По знаку старого ару солдаты втолкнули файа внутрь фургона и заперли снаружи дверь. В темном, освещенном единственной лампочкой кузове с ним осталось всего двое охранников. Но, едва Анмай попробовал устроиться поудобнее, его больно ткнули стволом под ребра, заставили лечь у стены, прямо на пол, и связали ноги. Вскоре фургон тронулся.
Анмай не знал, длинной ли окажется дорога, но понимал, что она — его единственный шанс. Он зашипел от боли, когда грязное рифленое железо коснулось раны на груди и судорожно перекатился на бок, спрятав за собой руки. Рывки машины на дорожных ухабах хорошо маскировали его движения. Охранники затянули веревку на совесть, но над узлами особо не мудрили. Анмай дотянулся до них пальцами левой руки и вдруг улыбнулся — сейчас его жизнь зависела всего лишь от того, смогут ли они протолкнуть хвост веревки в петлю. В приюте его сотни раз привязывали к постели и там он наловчился освобождаться от пут. Теперь это оказалось сложнее — все его мышцы непроизвольно подергивались от дикой боли в изуродованном большом пальце, но Анмай старался не обращать на нее внимания и удивился, как быстро ему удалось распустить первый узел. Все необходимые движения намертво засели в его памяти. Он никогда не вспоминал о них, но его тело помнило. Теперь еще немного…
Заметивший его возню охранник кинулся к файа, с размаху пнув пленника в живот. Анмай задохнулся от боли, но не прекратил своего занятия — и, когда ару размахнулся для второго пинка, рванул вперед опорную ногу стража. Ару упал, грохнувшись затылком об стену. Второй охранник вскинул оружие и заорал, требуя, чтобы он не двигался, но Вэру было уже все равно — черт с ней, с жизнью, пусть убивают, только бы не издевались. Он подтянул ноги и оперся на локоть, пытаясь встать.

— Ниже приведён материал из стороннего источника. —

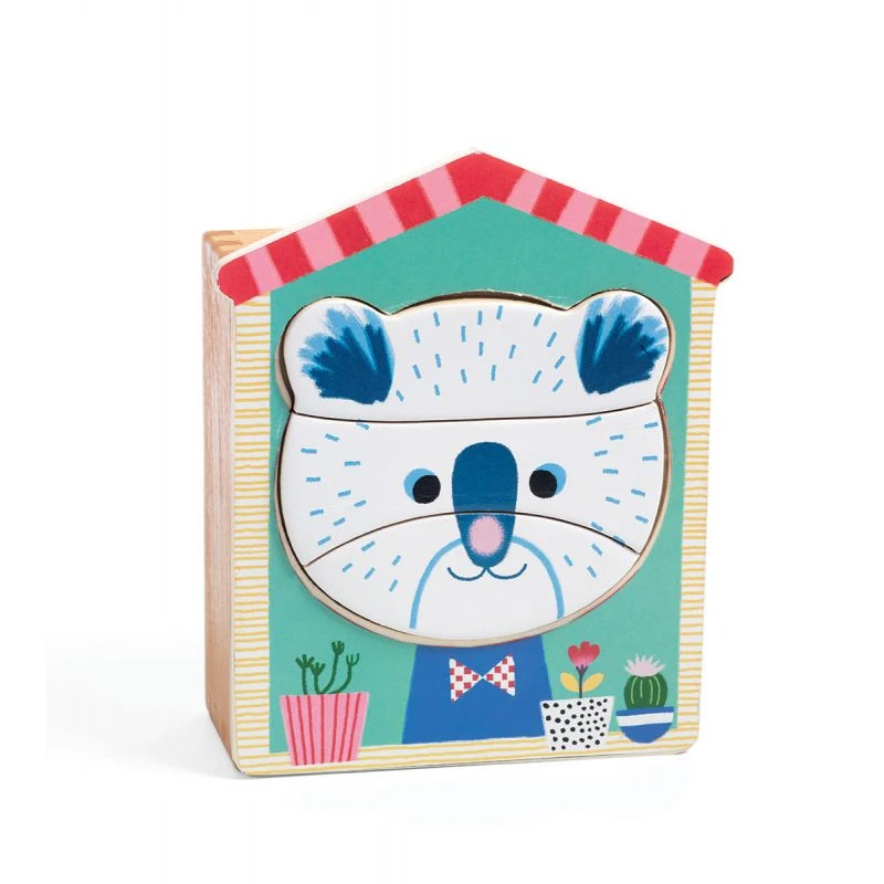 Face mix un un coffret en bois contenant 6 petits puzzles de 3 pièces représentant des visages d’animaux. L’enfant pourra s’amuser à les reconstituer ou à les mélanger pour créer des animaux rigolos. Une fois le jeu terminé, toutes les pièces peuvent être rangées dans le coffret.
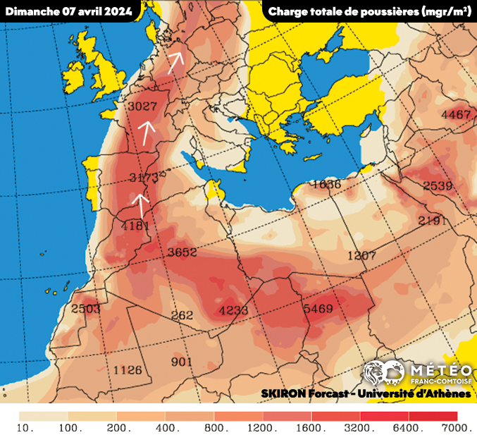 Modélisation de la quantités de sable (en mgr/m2) dans l’air ce dimanche.
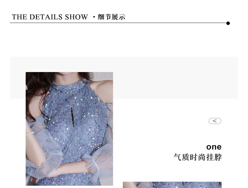 Sequin Gown Evening Cold-Shoulder Sheath

Ару, вновь заорав, нажал на спуск.
Сноп огня ослепил Вэру, треск очереди в тесном кузове оглушил его, — но пули прошли в дюйме над его боком, пробив ровную строчку отверстий в стальной стенке. Похоже, страже дали строгий приказ довезти его живым, и ару расстрелял все патроны в попытке напугать пленника. Потом машина вдруг резко затормозила и он свалился на пол. Анмай перекатился, и, подмяв ару, схватил его за голову. Тот успел лишь вскрикнуть. Затем его тонкая шея треснула, как хворостина, в сильных руках файа.
Первый охранник приподнялся, наводя на него автомат. Анмай, откинувшись на спину, изо всех сил ударил его связанными ногами — страж отлетел к стене, и, ударившись о нее, вновь упал. Файа не дал ему опомниться — швырнул на пол, уперся коленом в спину, готовясь сломать шею, но его вес убил маленького ару раньше — у него затрещали ребра, он хрипло вскрикнул и затих, захлебнувшись кровью. Анмай быстро освободил ноги, потом вырвал из обвисшей руки автомат. Оружие походило на жестяную игрушку и стреляло пистолетными патронами небольшого калибра. Он едва смог просунуть палец в спусковую скобу.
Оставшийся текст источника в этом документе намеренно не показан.